Listen closely this time. They spiked the ball = same as incomplete pass. Ref rolls the clock after time keeper tried to rob them of 4 seconds. Clock is at 6 when ball is snapped then they have to kick all of the idiots off of the field as there is still one second, but clock showed zero, there should have been three seconds to where the rush never happened. All of the ewts are crying the refs were trying to throw the game...
*Here is where I am really confused--if this rivalry is little time for the ewts and they don't really care and Whitless is all fired up about it how they are past this, why then did the idiot fans rush the field not once, not twice, but three times? Can someone please reconcile this one for me? What justifies rushing the field? *


----------



## coyoteslayer

BTW I can't believe Riley's postgame remarks. He said, "I hate the Ute Defense because they knocked me to the ground so many times." He also said, "I hate the Utes, their fans and the entire school because last year Ute fans poured rootbeer on my family."

Even Prophet Thomas S Monson is a Ute fan.


----------



## Catherder

It's the next day and I'm still drained. Happy, relieved, and drained. My take FWIW.


1. The game felt like a rivalry game rerun a couple of times. We had Hall-Collie II (the "magic happens" catch?) and ended it with Kaneshiro II. (doink II) 

2. Cougarfan certainly can't complain about the officiating.

3. Both defenses are pretty dang good. Both defenses left it all out there last night.

4. There was just enough "Bad Riley" for the Utes to squeak it out. But the guy has a ton of heart and he almost willed his team back. A lesser personality (like Heaps?) might have just mailed it in for the 4th quarter. 

5. Both O-lines still have issues, but the U line improved enough over last week to offer hope for the future. 

6. Hays was a pleasant surprise. When it was announced that White wouldn't play, I thought we were toast, but Hays didn't turn the ball over and actually made plays in the passing game, unlike much of last year.

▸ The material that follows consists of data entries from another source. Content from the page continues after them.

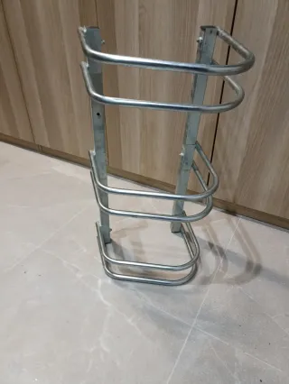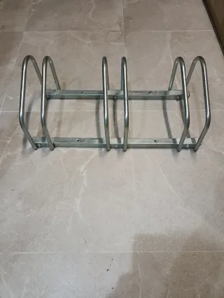 Soporte de aparcamiento para bicicletas fabricado en aluminio. Tiene capacidad para tres bicicletas. - Material: Aluminio. - Capacidad: 3 bicicletas.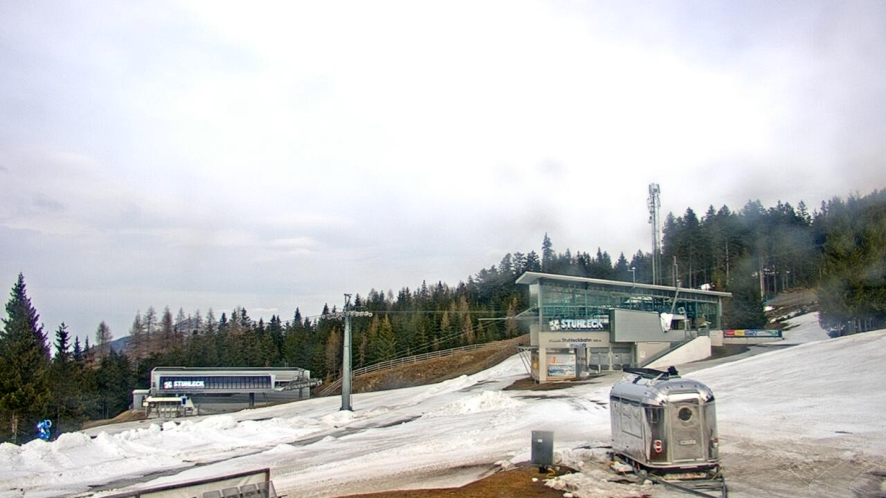 Archiviertes Webcam Bild: Stuhleck: Bergstation Stuhleckbahn am 13.04.2026 um 12:37 Uhr 12:00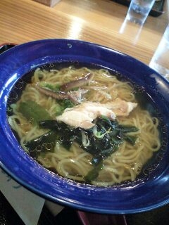 先日、高知に帰省していた時に食べたラーメンです。「道の駅とおわ」で食べた「土佐ジロー和風ラーメン」800円です。お値段高め。見た目、薄味スープが涼しげでいいですね。具は、わかめ、チャーシューの代わりの地鶏(土佐ジロー)、そして、しいたけの煮付け、と和風ですね。一口スープを飲んでびっくり。なんじゃこりゃ?っていうぐらい、ごま油がかかってます。これでは、せっかくの和風が全部消えちゃってます。あかんですよ、これ。麺は、冷凍なのは、仕方ないと思いますが、延びてますし。お盆の一番混雑する時期で、出来上がってから、テーブルに出てくるまで、少々放置されていた感があります。しまったなぁ、というのが正直な感想です。息子たちが食べた「とおわポーク丼」(650円)や、5656(ゴロゴロ)野菜カレー(560円)の方が、良かったです。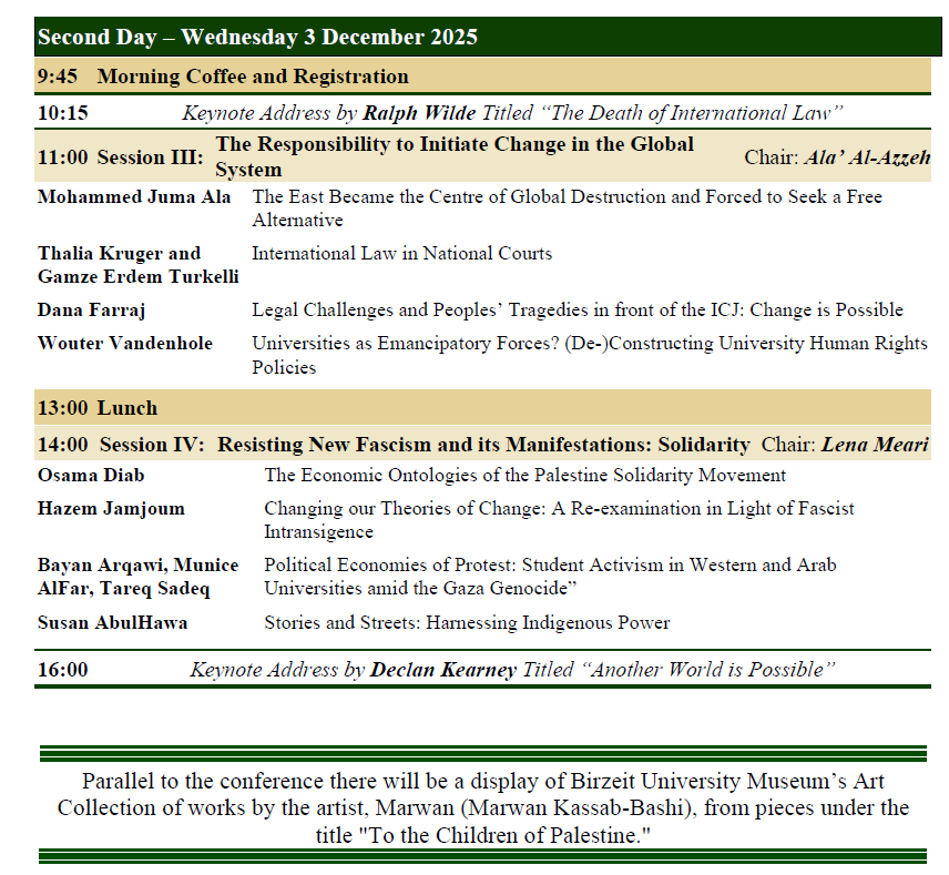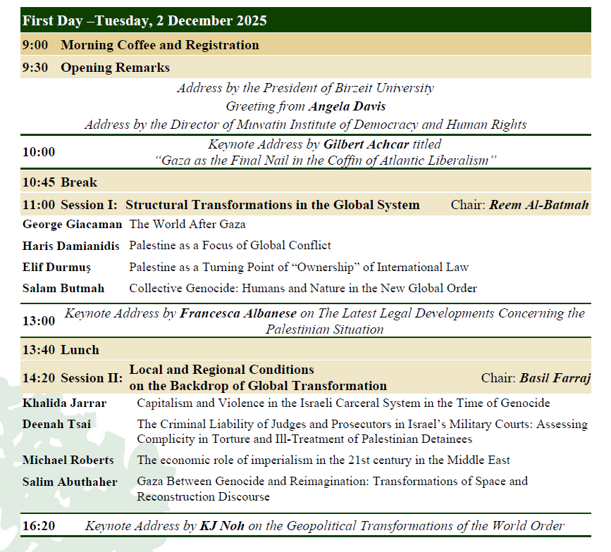 The conference will be held on Tuesday and Wednesday, 2 and 3 December 2025, in a hybrid setting at Birzeit University on campus in Hall 243 at Muwatin Institute, and online at the same time. The conference will be broadcasted live on the Muwatin Institute channel on YouTube and through the Institute’s Facebook page, as well as the possibility of participation via Zoom, which requires previous registration by clicking here.

7. Cut the fans some slack about rushing the field. This happens all over the country, and it would be hard to find a stadium with more emotion in it than RES last night. I haven't see the call made like that in similar circumstances previously, but I guess it happened in an Oregon-Arizona game a few years ago.

8. I think the cougs will be fine. They may lay an egg Thursday in Boise (or come out inspired, I'm not sure), but I see them at least splitting the ND/GT road games and winning the rest. You guys should have a 10 win season.

Whew. Now back to my sick wife and kids. _/O (Don't even get to wear the Ute tie to church today.  ) 

One last question on the first field goal attempt. When a field goal is attempted and blocked or missed, the kicking team, once the ball is kicked can "down" the ball or pick it up. However, they are not allowed to advance the ball. They can "recover" the ball if a defending team first touches the ball first to receive it but also cannot advance it. On the blocked FG, once Falslev picked up the ball, shouldn't the play have been blown dead? The reason I ask is that would have predated the fans rushing the field and the game would have ended prior to the last 15 yard flag being thrown. Or am I wrong? If someone knows for sure, I'd be curious about that.


----------



## coyoteslayer

How many false starts did BYU have anyways?

I also wonder if Doman is now going to get rid of his Doman option play or whatever you want to call it? That play never worked last night and was tried so many times. He needs to take that one out of his playbook.


----------



## Huge29

Catherder-either team can advance a kick from behind the line, only the receiving team/defense can advance a blocked ball picked up past the line of scrimmage.


----------



## xxxxxxBirdDogger

Catherder, the ball can be advanced by the kicking team if it is recovered behind the line of scrimmage, which was the case last night. BYU could have made a mad dash through the Utah co-eds to the end zone. They could have been knocking dozens of young girls on their heads in the process.


----------



## coyoteslayer

Not if the young girls ran onto the field in smoke hot bikinis which would cause byu players to freeze in their tracks with dirty thoughts.


----------



## GaryFish

My thoughts:

Both teams played undisciplined ball. BYU false starts and Utah's constant targeting and face mask calls. 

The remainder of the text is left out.